==== SUPPLIED RECORDS ====

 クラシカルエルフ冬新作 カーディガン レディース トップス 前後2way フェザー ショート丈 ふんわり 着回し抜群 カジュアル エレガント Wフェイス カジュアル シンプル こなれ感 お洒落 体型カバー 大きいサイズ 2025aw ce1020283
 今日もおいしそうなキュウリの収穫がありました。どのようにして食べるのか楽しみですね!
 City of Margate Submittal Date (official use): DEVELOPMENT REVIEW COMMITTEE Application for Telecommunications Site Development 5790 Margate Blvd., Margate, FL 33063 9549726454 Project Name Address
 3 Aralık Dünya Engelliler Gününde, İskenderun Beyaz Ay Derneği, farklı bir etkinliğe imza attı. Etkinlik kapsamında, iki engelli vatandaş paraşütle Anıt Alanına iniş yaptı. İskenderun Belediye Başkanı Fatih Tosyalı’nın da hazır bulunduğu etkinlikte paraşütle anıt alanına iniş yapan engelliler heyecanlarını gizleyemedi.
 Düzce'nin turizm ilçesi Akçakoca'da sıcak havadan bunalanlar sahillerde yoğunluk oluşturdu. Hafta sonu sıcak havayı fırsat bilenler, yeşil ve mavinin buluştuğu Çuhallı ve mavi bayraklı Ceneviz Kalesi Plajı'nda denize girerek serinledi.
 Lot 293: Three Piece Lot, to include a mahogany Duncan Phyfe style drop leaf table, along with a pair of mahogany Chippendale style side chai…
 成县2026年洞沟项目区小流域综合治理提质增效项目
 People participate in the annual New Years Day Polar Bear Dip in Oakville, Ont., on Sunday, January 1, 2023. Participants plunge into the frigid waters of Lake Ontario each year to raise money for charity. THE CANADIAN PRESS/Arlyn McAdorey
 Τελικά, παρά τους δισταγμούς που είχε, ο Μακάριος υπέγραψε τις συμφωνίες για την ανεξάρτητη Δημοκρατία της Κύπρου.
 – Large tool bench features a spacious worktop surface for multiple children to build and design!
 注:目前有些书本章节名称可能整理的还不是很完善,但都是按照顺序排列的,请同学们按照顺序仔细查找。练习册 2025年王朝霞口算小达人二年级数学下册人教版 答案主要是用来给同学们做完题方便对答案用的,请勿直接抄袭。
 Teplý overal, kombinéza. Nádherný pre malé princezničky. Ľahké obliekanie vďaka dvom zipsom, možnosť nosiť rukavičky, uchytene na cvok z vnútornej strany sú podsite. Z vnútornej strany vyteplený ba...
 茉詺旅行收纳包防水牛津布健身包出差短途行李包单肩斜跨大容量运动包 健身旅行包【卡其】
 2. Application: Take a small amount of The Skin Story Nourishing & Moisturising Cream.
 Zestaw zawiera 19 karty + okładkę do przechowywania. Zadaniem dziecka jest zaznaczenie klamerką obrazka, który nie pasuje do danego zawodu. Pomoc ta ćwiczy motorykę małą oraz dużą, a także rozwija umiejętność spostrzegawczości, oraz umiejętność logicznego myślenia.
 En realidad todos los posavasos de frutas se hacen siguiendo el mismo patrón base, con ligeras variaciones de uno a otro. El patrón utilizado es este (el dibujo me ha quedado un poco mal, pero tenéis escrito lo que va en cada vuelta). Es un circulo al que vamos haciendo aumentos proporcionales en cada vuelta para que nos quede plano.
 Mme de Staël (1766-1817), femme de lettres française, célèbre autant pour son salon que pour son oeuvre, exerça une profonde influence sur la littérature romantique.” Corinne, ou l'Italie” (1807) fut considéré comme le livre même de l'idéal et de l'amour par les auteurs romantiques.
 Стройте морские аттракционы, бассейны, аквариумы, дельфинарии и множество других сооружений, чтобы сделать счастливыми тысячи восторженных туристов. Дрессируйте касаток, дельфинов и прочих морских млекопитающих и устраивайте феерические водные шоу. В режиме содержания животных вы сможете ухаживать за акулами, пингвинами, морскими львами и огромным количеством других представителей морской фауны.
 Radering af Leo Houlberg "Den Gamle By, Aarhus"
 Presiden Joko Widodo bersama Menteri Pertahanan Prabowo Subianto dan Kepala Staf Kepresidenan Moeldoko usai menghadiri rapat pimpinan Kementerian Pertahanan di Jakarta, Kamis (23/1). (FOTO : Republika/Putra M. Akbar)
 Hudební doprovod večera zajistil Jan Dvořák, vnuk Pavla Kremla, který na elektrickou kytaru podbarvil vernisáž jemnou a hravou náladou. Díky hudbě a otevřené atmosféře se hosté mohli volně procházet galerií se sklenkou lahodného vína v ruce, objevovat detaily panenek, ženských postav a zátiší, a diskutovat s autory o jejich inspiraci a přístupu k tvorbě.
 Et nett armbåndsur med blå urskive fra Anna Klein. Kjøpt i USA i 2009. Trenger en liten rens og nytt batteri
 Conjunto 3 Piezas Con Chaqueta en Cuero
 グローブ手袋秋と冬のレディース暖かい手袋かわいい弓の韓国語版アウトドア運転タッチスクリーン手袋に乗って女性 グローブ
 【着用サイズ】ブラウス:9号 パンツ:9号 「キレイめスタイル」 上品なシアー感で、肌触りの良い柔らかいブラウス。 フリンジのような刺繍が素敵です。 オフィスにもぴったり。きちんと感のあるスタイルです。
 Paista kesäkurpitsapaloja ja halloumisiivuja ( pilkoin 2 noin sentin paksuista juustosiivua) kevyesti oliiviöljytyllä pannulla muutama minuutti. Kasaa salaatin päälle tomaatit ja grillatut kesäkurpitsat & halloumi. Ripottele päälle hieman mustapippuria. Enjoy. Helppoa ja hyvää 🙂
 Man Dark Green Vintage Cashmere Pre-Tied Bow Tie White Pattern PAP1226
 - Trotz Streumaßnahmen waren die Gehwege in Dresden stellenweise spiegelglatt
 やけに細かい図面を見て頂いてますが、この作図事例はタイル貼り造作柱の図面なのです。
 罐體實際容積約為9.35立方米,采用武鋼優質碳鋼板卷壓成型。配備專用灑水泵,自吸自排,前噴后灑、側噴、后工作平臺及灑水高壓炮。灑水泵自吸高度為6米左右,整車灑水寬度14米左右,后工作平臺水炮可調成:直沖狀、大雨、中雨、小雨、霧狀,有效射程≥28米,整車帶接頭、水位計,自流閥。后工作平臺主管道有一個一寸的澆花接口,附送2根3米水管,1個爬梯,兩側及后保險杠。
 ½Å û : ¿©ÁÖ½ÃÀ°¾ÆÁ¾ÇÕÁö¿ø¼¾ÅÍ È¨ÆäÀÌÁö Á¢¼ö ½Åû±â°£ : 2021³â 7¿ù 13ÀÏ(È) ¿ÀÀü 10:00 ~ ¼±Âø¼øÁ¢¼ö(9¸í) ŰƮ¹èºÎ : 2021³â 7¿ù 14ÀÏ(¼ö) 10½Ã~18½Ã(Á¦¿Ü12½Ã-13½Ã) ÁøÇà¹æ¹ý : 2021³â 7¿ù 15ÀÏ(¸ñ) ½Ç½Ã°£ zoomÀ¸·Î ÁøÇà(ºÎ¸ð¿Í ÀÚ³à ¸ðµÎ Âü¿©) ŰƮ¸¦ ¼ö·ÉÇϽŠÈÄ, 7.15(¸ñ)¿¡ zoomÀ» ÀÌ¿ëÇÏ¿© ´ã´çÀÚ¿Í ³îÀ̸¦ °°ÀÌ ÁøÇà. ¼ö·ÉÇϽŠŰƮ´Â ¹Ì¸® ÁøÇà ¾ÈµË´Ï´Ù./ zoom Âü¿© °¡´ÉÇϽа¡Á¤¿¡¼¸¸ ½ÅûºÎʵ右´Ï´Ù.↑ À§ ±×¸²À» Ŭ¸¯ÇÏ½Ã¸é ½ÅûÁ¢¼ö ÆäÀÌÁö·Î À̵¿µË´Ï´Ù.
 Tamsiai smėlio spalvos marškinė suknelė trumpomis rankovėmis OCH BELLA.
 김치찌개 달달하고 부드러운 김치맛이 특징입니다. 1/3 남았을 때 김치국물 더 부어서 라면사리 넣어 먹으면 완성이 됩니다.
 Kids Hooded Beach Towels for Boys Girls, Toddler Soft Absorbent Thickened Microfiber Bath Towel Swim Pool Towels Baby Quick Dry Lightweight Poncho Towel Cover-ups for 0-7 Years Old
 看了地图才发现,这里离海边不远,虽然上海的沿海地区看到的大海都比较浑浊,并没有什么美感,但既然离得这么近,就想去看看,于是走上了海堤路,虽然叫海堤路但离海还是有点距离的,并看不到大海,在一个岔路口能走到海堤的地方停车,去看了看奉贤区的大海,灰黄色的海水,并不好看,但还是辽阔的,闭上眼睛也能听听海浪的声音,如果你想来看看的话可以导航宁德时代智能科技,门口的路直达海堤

====

#### [ASSIGNED TASK]
Take the listing above and repeat exactly the lines from the one containing "Presiden Joko Widodo" through the one containing "やけに細かい図面を見て頂いて", both included.

#### [RESPONSE TO THIS TASK]
 Presiden Joko Widodo bersama Menteri Pertahanan Prabowo Subianto dan Kepala Staf Kepresidenan Moeldoko usai menghadiri rapat pimpinan Kementerian Pertahanan di Jakarta, Kamis (23/1). (FOTO : Republika/Putra M. Akbar)
 Hudební doprovod večera zajistil Jan Dvořák, vnuk Pavla Kremla, který na elektrickou kytaru podbarvil vernisáž jemnou a hravou náladou. Díky hudbě a otevřené atmosféře se hosté mohli volně procházet galerií se sklenkou lahodného vína v ruce, objevovat detaily panenek, ženských postav a zátiší, a diskutovat s autory o jejich inspiraci a přístupu k tvorbě.
 Et nett armbåndsur med blå urskive fra Anna Klein. Kjøpt i USA i 2009. Trenger en liten rens og nytt batteri
 Conjunto 3 Piezas Con Chaqueta en Cuero
 グローブ手袋秋と冬のレディース暖かい手袋かわいい弓の韓国語版アウトドア運転タッチスクリーン手袋に乗って女性 グローブ
 【着用サイズ】ブラウス:9号 パンツ:9号 「キレイめスタイル」 上品なシアー感で、肌触りの良い柔らかいブラウス。 フリンジのような刺繍が素敵です。 オフィスにもぴったり。きちんと感のあるスタイルです。
 Paista kesäkurpitsapaloja ja halloumisiivuja ( pilkoin 2 noin sentin paksuista juustosiivua) kevyesti oliiviöljytyllä pannulla muutama minuutti. Kasaa salaatin päälle tomaatit ja grillatut kesäkurpitsat & halloumi. Ripottele päälle hieman mustapippuria. Enjoy. Helppoa ja hyvää 🙂
 Man Dark Green Vintage Cashmere Pre-Tied Bow Tie White Pattern PAP1226
 - Trotz Streumaßnahmen waren die Gehwege in Dresden stellenweise spiegelglatt
 やけに細かい図面を見て頂いてますが、この作図事例はタイル貼り造作柱の図面なのです。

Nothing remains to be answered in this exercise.